On Tue, 2025-09-23 at 15:56 +0200, Richard Biener wrote:
> On Tue, 23 Sep 2025, Avinash Jayakar wrote:
>
> > Hi,
> >
> > I had a question regarding the function vect_pattern_recog that is
> > triggered in the slp/vectorization pass.
> > In case the original code is already in vector form, for example
> > below
> > is the original gimple dump of a vector function
> >
> >
> > ;; Function lshift1_64 (null)
> > ;; enabled by -tree-original
> >
> >
> > {
> > __vector unsigned long long D.4059 = { 2, 2 };
> >
> > return <<< Unknown tree: compound_literal_expr
> > __vector unsigned long long D.4059 = { 2, 2 }; >>> * a;
> > }
> >
> >
> > This however does not go through the pattern recognition since
> > 1. It is already in vector form
> > 2. This check fails in slp pass
> > if (bb_vinfo->grouped_stores.is_empty ()

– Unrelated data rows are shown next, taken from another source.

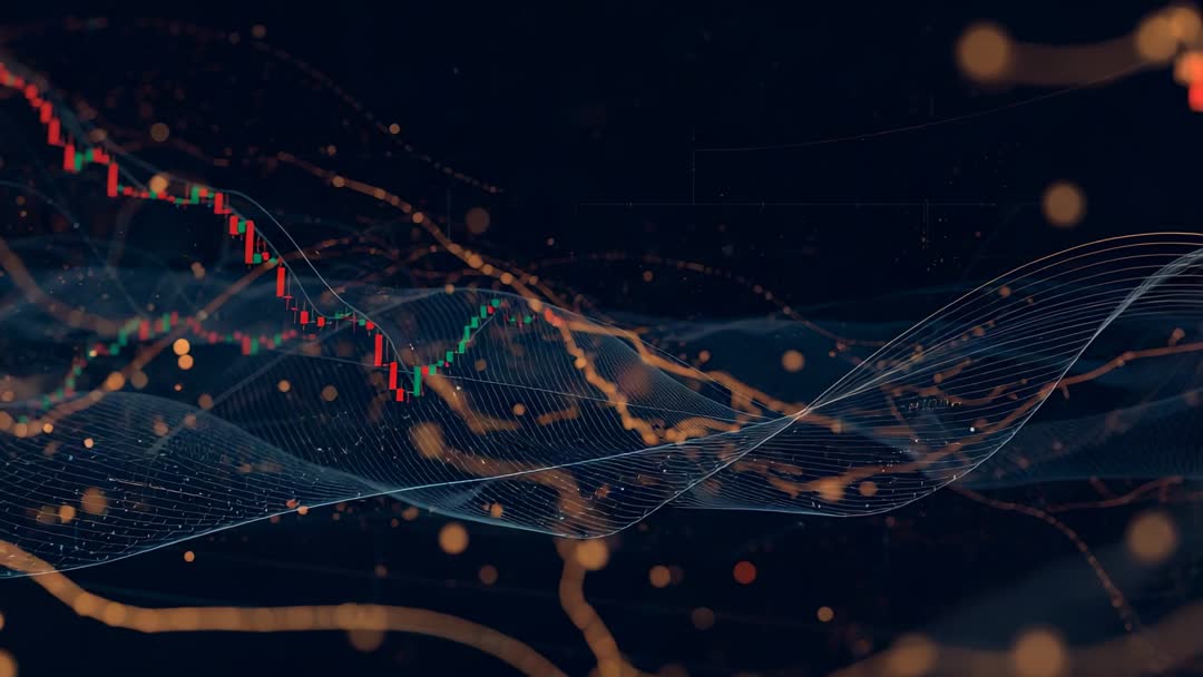 AI Generated Image. Video visualizes digital financial market analysis with dynamic charts and candlestick bar patterns, illustrating trend shifts in real-time. Ideal for businesses, educational content, or tech blogs probing into market analysis methods, data-driven decision making, futuristic technology in AI-driven analytics, or demonstrating economic trends visually.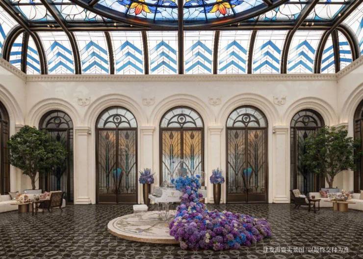 以玉兰门庭—迎归大堂—莳花荟为主轴,敬献步履生辉的归家艺旅:玉兰门庭如繁花盛绽,尊华瑞鳞水景聚运生财,双尊铜狮镇守家宅;迎归大堂流转光影艺韵,百羽栖澜艺术雕塑、芦海宸韵非遗绣作流淌摩登气韵;莳花荟中央会客厅移步异景,献映会客、休闲等雅会。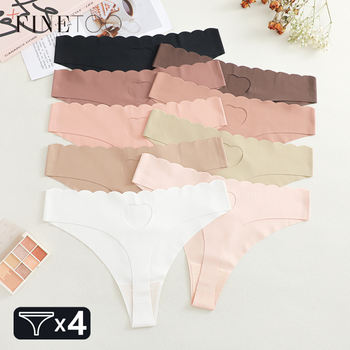 4Pcs Ice Silk Seamless Underwear Women’s Ruffles Waist Panties Sexy Love Hollow Out Thongs Girls Solid Breathable Soft Lingerie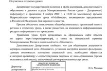 Департамент государственной политики в сфере воспитания, дополнительного образования и детского отдыха Минпросвещения России информирует о проведении 2 ноября 2020 года в 11.00 по московскому времени Всероссийского открытого урока #МыВместе", посвященного празднованию в Российской Федерации Дня народного единства.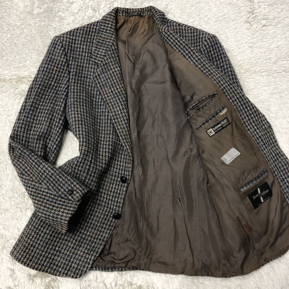 > 希少L!ハリスツイード【圧巻のツイード】Harris Tweed テーラードジャケット グレー系 2B くるみボタン 総裏地 秋冬◎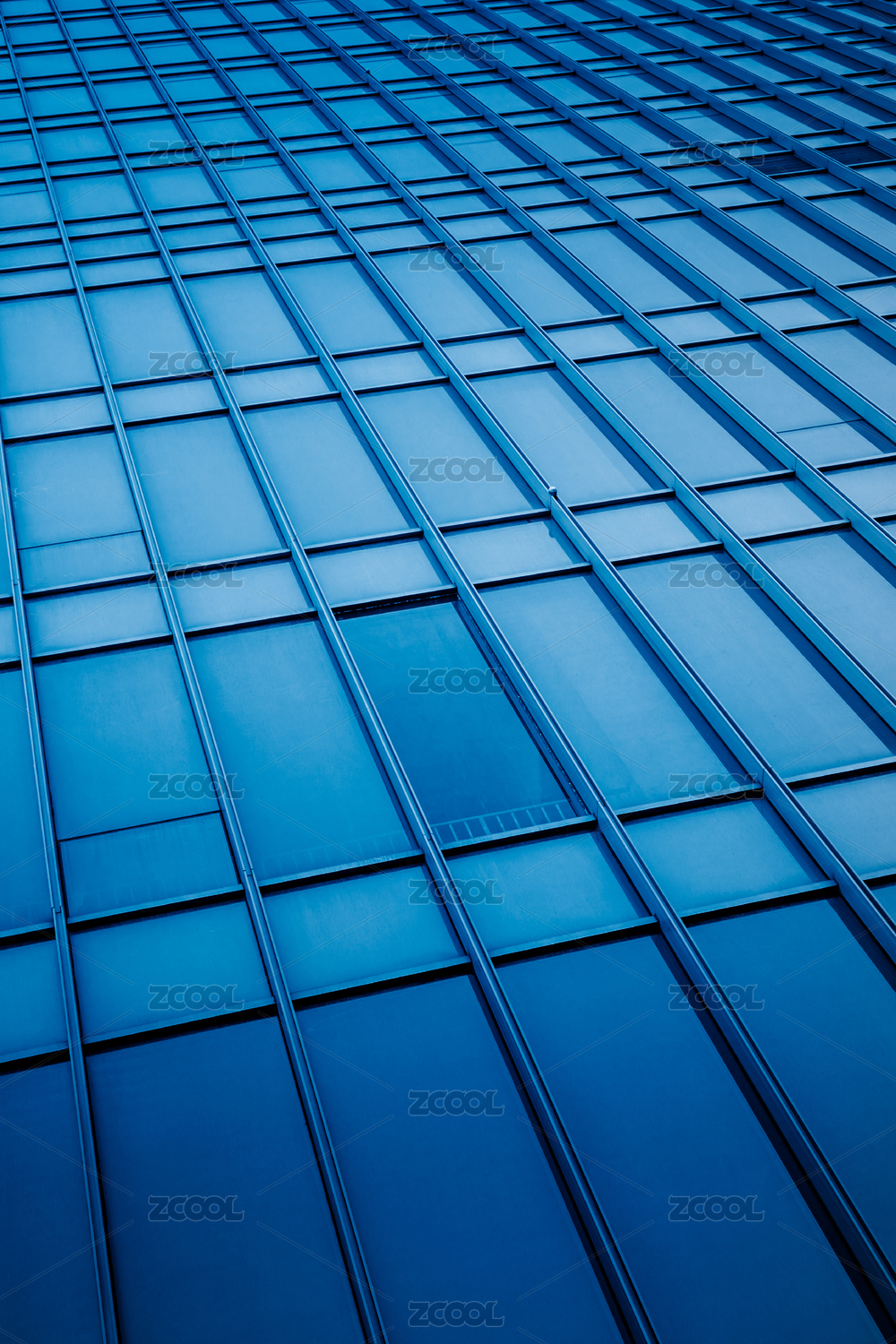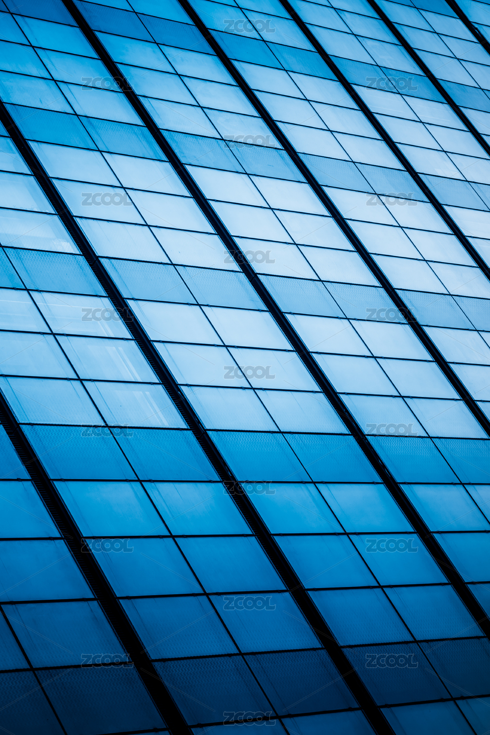 抽象的建筑 摩天大楼的蓝色玻璃墙

> > && bb_vinfo->roots.is_empty ())
> >
> > So my main question is, suppose this line of code (in this example
> > v1 *
> > {2, 2}) do go through the pattern recognition, it could have
> > generated
> > better code like v1 + v1 or v1 << {1,1}) which could result in
> > vectorization in certain target which does not have native double
> > word
> > multiplication support, but might have double word shift or add.
> > Is this intended or is there a way have this code pattern
> > recognized?
>
> The vectorizer is currently not set up for re-vectorizing already
> vectorized code. Instead for the situation you describe, a target
> without vector multiplication support, it would be the task of the
> vector lowering pass (tree-vect-generic.cc) to turn this into a
> supported operation.
>
I looked into the tree-vect-generic.cc, the function
expand_vector_operations_1 function.
I encountered this while fixing the PR119702. If I write a simple
scalar code
void lshift1_64(uint64_t *a) {
a[0] *= 2;
a[1] *= 2;
}
This does get vectorized as a << {1,1}. But writing this
vector unsigned long long
lshift1_64 (vector unsigned long long a, vector unsigned long long b)
{
return a * (vector unsigned long long) { 2, 2 };
}
gets converted to scalar code during veclower pass.
I see 2 ways of fixing it for multiply expression
1. In expand_vector_operations_1 function, before lowering to scalar we
can check if code is MULT_EXPR and see if it can be implemented with
shifts/add/sub (as done in pattern recognition), like it is done for
LROTATE_EXPR and RROTATE_EXPR.
2. Implement mulv2di3 for this specific target (which does exactly what
scalar code would do), and let expand pass (expand_mult) take care of
converting mult to shift/add/sub.
Thanks and regards,
Avinash Jayakar